-- Work task --
Every line from the start of the data through the line containing "Kultur Brunnen bringt" should be retyped exactly; the pictures should not.

Stored items from a collection
+ + + +

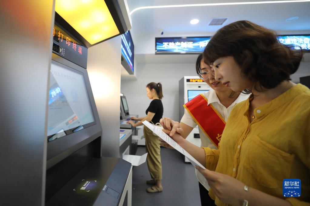 5月30日,在滁州市政務服務中心,工作人員給一名用自助服務機打證明材料的市民講解材料細節。
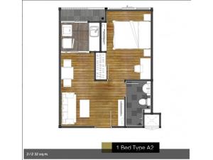 แบบห้อง 1-Bedroom ชั้น 1 ขนาด 32 ตร.ม. ตึก A (ติดกับห้อง มีสวนหย่อมเล็กๆ แต่เป็นพื้นที่ส่วนกลางนะครับ)
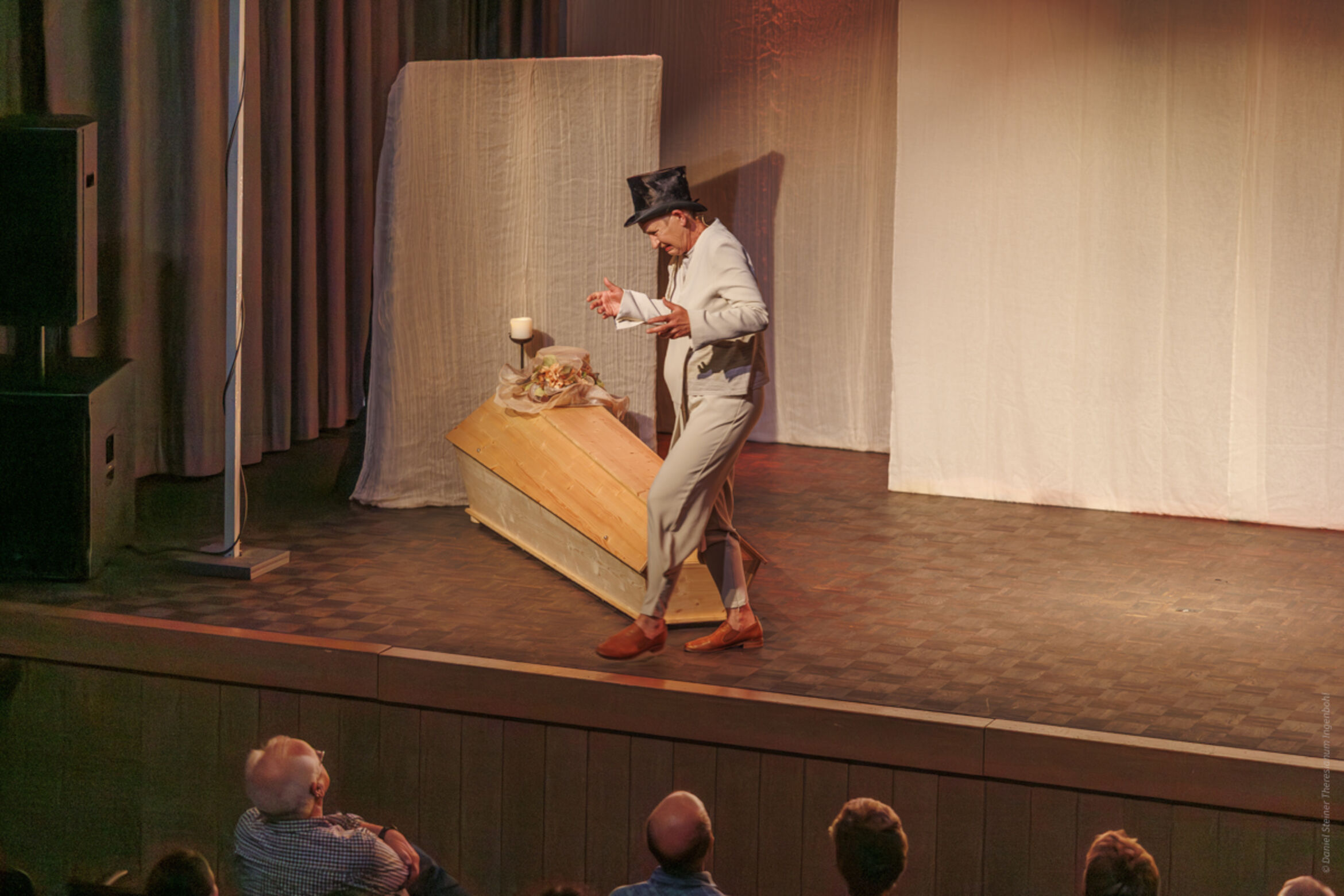 Kultur Brunnen bringt Annette Windlins Fassung der alten Dame auf die Theresianum-Bühne. Vor fast ausverkauftem Haus hebt Claire ihren Hutschleier und die Geschichte nimmt auf tragikomische Weise ihren Lauf, so, dass den Zuschauenden immer wieder der Atem stockt.
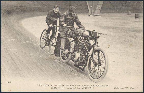 EARLY MOTORCYCLES ON POSTCARDS: Collection of 8 diff b/w France postcards circa 1905-10, depicting early RACING MOTORCYCLES along with their riders. Has various bike types and riders who are named. Some depict normal
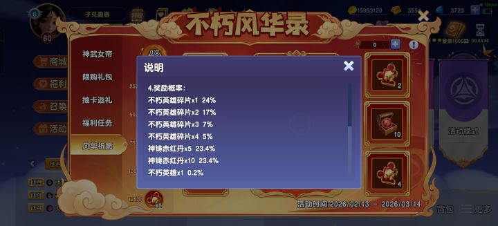 梭哈曹操羁绊天神赐福不知道哪个模式会出现,求告知,感谢!张郃开自选到12。杨玉环直接开自选到14用以前的飞升石直接飞升,12张辽转蔡文姬,
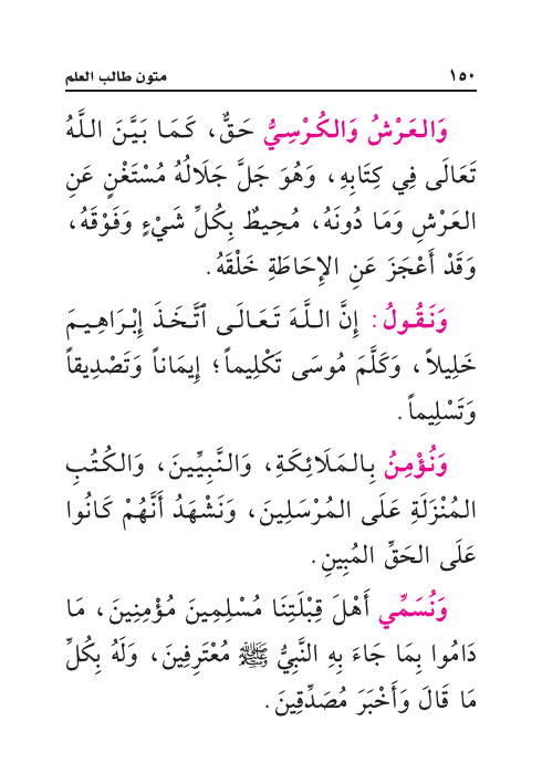 وَنَقُولُ: إِنَّ اللَّهَ تَعَالَى اتَّخَذَ إِبْرَاهِيمَ خَلِيلاً، وَكَلَّمَ مُوسَى تَكْلِيماً؛ إِيمَاناً وَتَصْدِيقاً وَتَسْلِيماً.
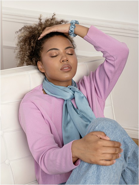 This  delicate scarf made of 100% Peace Silk can be worn as accessoire for you neck, hair or head.
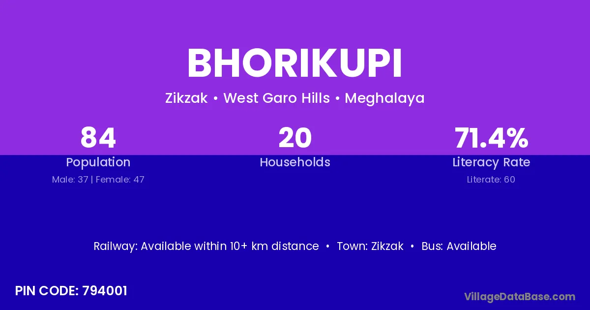 Bhorikupi village has a total population of 84 people, of which 37 are males and 47 are females.
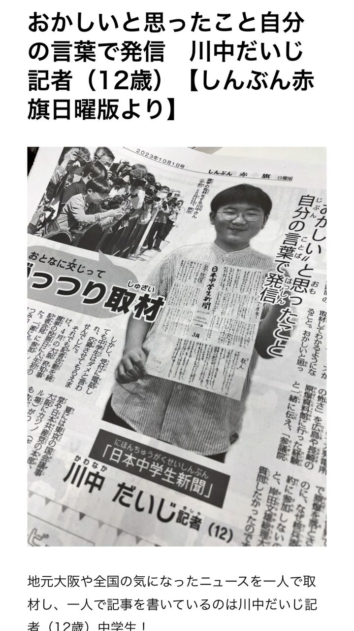 小学3年で政治に興味を持ち、G7広島サミットを取材しようと、2023年(中学1年)で「日本中学生新聞」を立ち上げた。
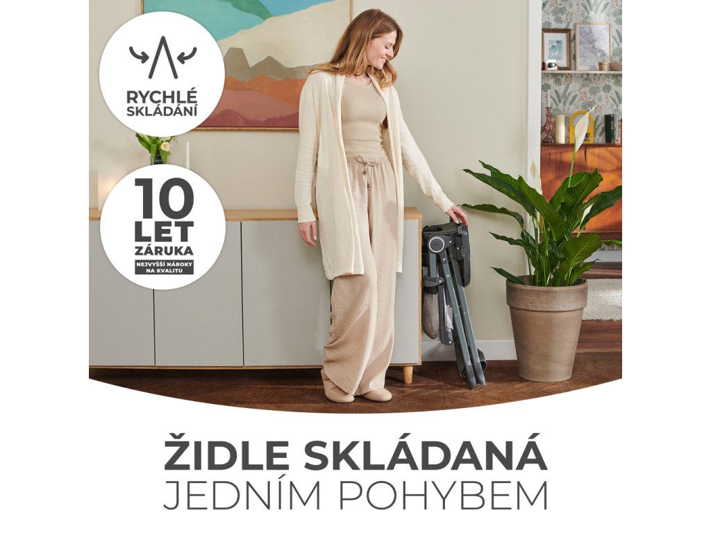 - Ľahké prenášanie: S hmotnosťou iba 5,9 kg a ergonomickou rukoväťou je stolička ideálna na prenášanie medzi miestnosťami alebo na rodinné dovolenky.
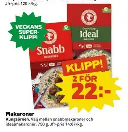 Hemköp KUNGSÖRNEN Makaroner erbjudaKUNGSÖRNEN Makaroner 750 gHemköp14,00 kr05 januari 202611 januari 2026
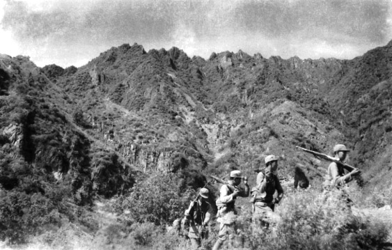 雷烨一手持笔,一手运镜,用相机镜头记录下八路军行军作战、野地宿营的情景,天高意远、雄浑壮阔,表达出对八路军战士的热爱与崇高敬意。如1940年的《行进在祖国边城》、1942年《回旋于热河的万山丛中》,陡峭高耸的山脉下面,是穿梭其间的八路军战士,动静之间衬托出八路军战士的英勇无畏。《冀东子弟兵艰苦生活》系列,抓取八路军读报学习、开会讨论、山岗晚炊瞬间,反映了抗战将士的艰苦卓绝。《塞外山岗上的晚炊》《塞外的宿营地》,则以优美的画面表现革命战士的乐观主义情怀。最令人揪心的是《日寇烧杀潘家峪》系列,被焚烧殆尽的残垣断壁、无家可归仰天大哭的孩子、焦黑圈曲的累累尸骨,惨不忍睹的画面,是对日寇令人发指罪行的有力揭露!
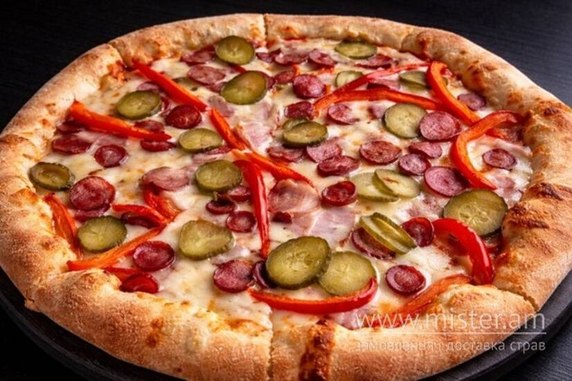 Томатна основа, ковбаски мисливські, перець болгарський, огірки квашені, сир.
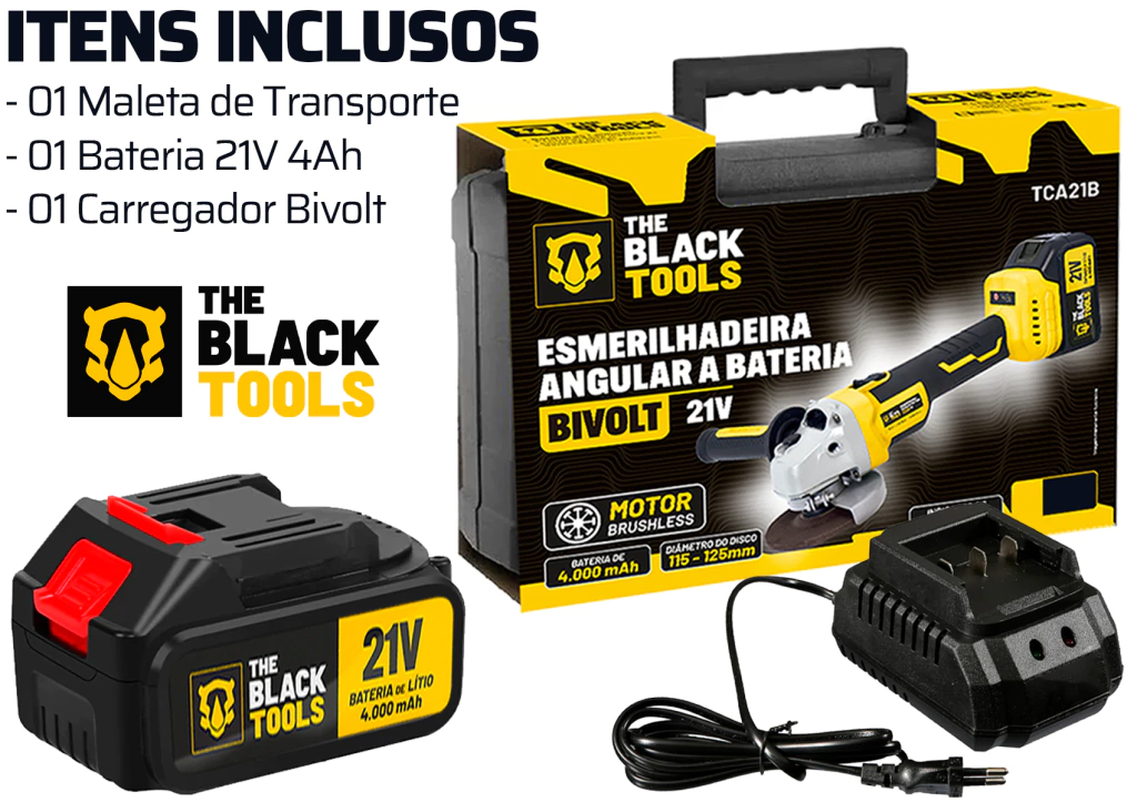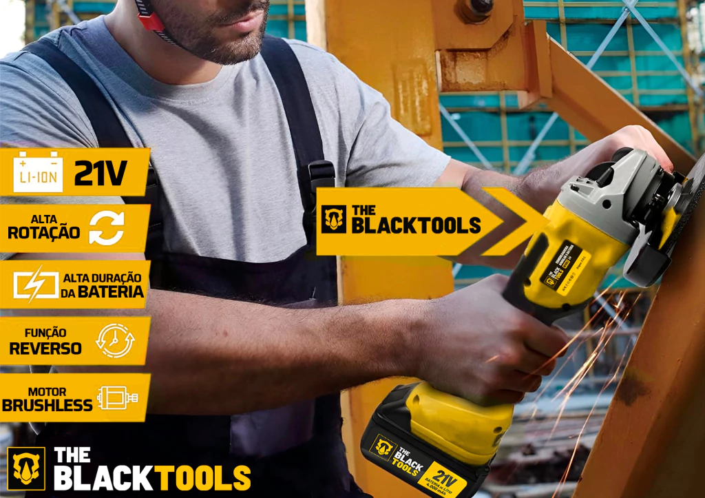 A Esmerilhadeira Angular A Bateria TCA21B da The Black Tools, é destinada para uso em operações de esmerilhamento e corte; Ideal para o desbaste em peças metálica, acabamentos sobre soldas, remoção de rebarbas de peças fundidas, limpeza de superfícies enferrujadas ou com tinta;
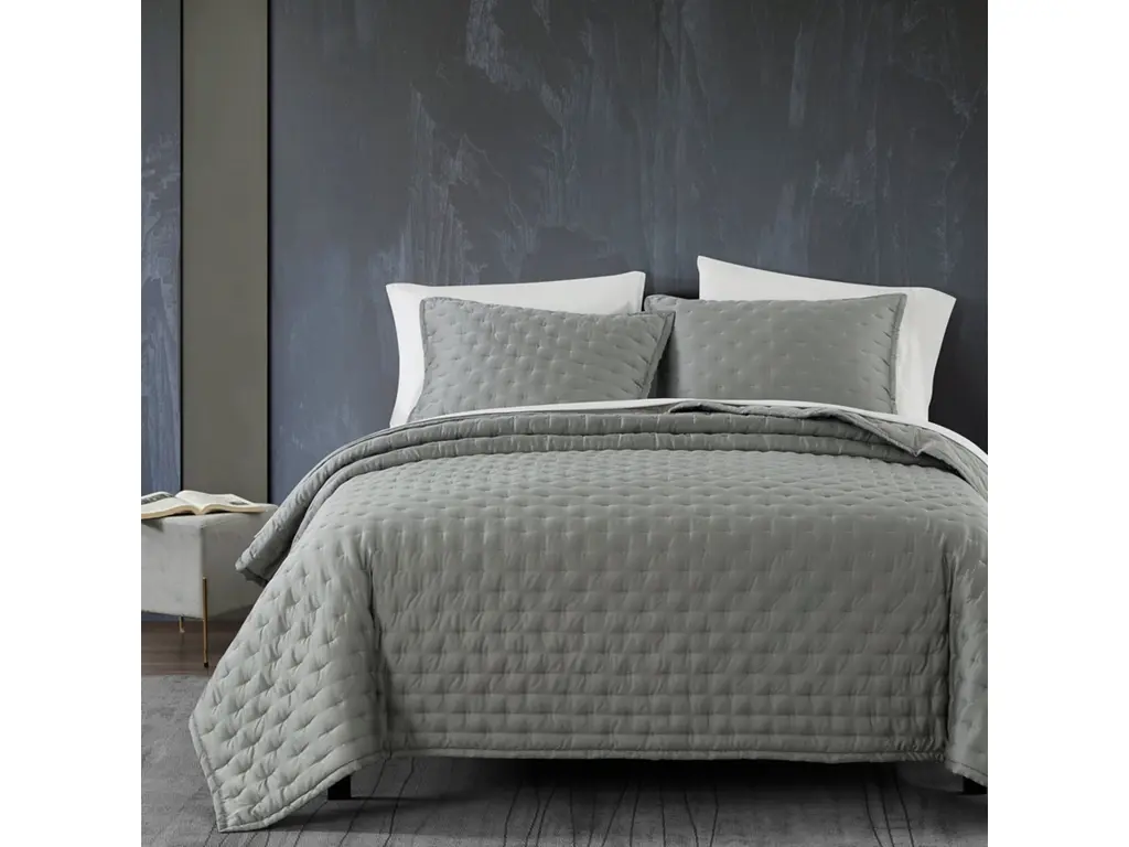 Its grey coloring makes this set create a statement in your bedroom. The collection is made from 100% polyester polyoni and has pieced fabric sewn together providing added dimension. It is finished with a smooth edge of fabric that creates a beautiful border around this comforter.
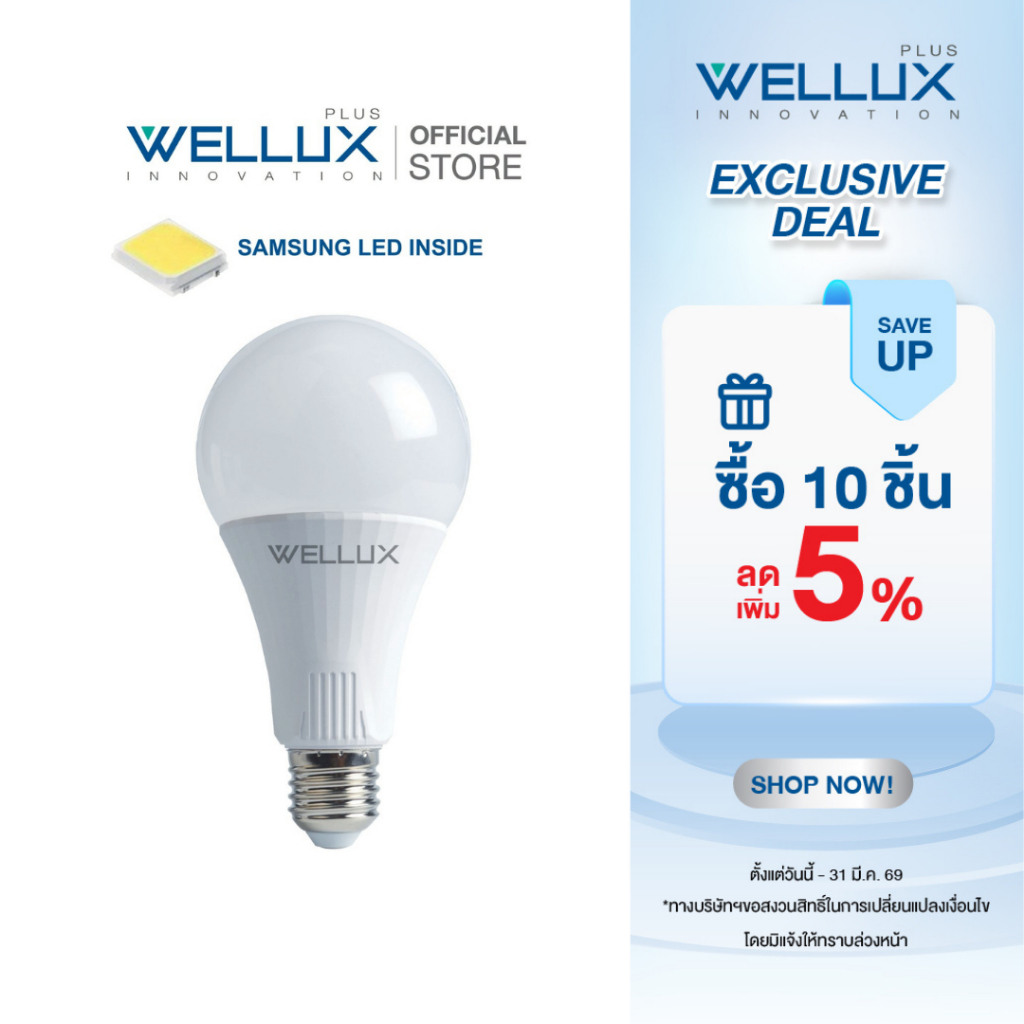 WELLUX หลอดไฟชิปซัมซุง 5W 7W 9W 15W 20W 25W คุณภาพสูง CHIP SUMSUNG LED BULB ขั้วE27
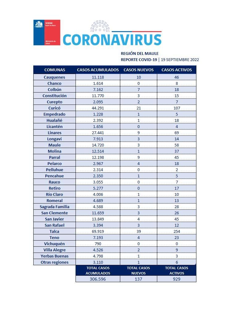 En un nuevo informe sobre la situación del Covid-19 en el Maule, desde la Seremi de Salud expusieron que en las últimas horas se registraron 137 nuevos casos, de los cuales, 114 presentaron síntomas y 16 fueron asintomáticas. Lo anterior, deja un total de 306.596 pacientes diagnosticados con la enfermedad en la región desde que comenzó la pandemia. Con respecto a los fallecidos, no se contabilizaron nuevos decesos asociados al virus en las últimas horas, por lo que la cifra total de muertos se mantiene en 3.112.
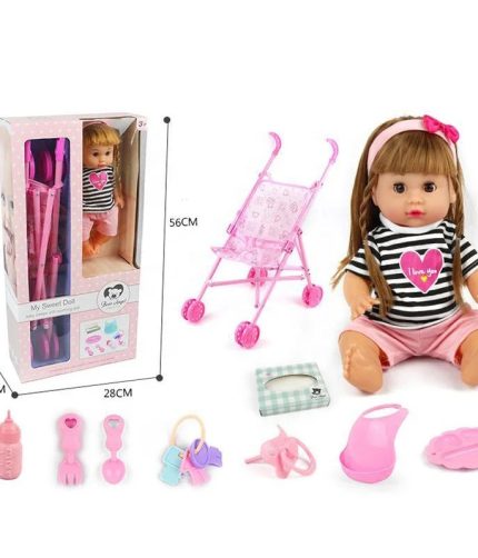 14 Inch 6 Sounds Drink Water Pee Viny Baby Girl Doll with Baby Stroller and Other Accessories

+ + + +

-- Exercise result --
 5月30日,在滁州市政務服務中心,工作人員給一名用自助服務機打證明材料的市民講解材料細節。
 แบบห้อง 1-Bedroom ชั้น 1 ขนาด 32 ตร.ม. ตึก A (ติดกับห้อง มีสวนหย่อมเล็กๆ แต่เป็นพื้นที่ส่วนกลางนะครับ)
 Kultur Brunnen bringt Annette Windlins Fassung der alten Dame auf die Theresianum-Bühne. Vor fast ausverkauftem Haus hebt Claire ihren Hutschleier und die Geschichte nimmt auf tragikomische Weise ihren Lauf, so, dass den Zuschauenden immer wieder der Atem stockt.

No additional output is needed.